Once in office, Oli took a series of initiatives aimed at establishing a cordial relationship with New Delhi. Like many of his predecessors, Oli hoped to receive an immediate invitation for an official visit to India as a gesture of goodwill. However, this invitation never materialized. Reports from Indian media suggest that New Delhi was initially open to welcoming Oli in August or September. However, India later withdrew the invitation, allegedly due to Oli’s insistence on preconditions—specifically, his demand that India announce steps to resolve the ongoing border dispute.
The border dispute, commonly referred to as the “map row,” stems from competing territorial claims over areas such as Kalapani, Limpiyadhura, and Lipulekh. While Oli has consistently advocated for progress on this issue, New Delhi appears reluctant to prioritize it, viewing it as a sensitive topic better deferred. Diplomats note that this impasse has fueled mistrust and contributed to the stagnation of bilateral relations.

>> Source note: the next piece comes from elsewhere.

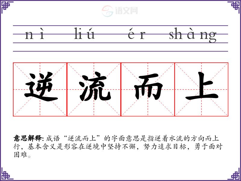 成语“逆流而上”的字面意思是指逆着水流的方向而上行,基本含义是形容在逆境中坚持不懈,努力追求目标,勇于面对困难。

A meeting between Prime Minister Oli and his Indian counterpart Narendra Modi on the sidelines of the 79th UN General Assembly in New York was seen as an opportunity to break the ice. However, according to diplomatic insiders, the meeting failed to yield any significant breakthrough. Analysts suggest that this outcome is emblematic of deeper issues in the relationship.
The unresolved border dispute is not the only factor straining ties. Another contentious issue is the fate of the Eminent Persons Group (EPG) report, finalized in 2018. The report, a collaborative effort by experts from both countries, was intended to recommend ways to enhance Nepal-India relations. However, India has shown little interest in accepting or even acknowledging the report, a stance that has frustrated Nepal.
Since becoming prime minister, Oli has repeatedly highlighted the importance of the EPG report in his speeches and public appearances. He has even used public platforms, such as the launch of former Foreign Minister Kamal Thapa’s book on the Indian blockade, to criticize India’s handling of the issue. During the event, Oli remarked, in a satirical tone, that Indian leaders seem too busy to formally receive the report.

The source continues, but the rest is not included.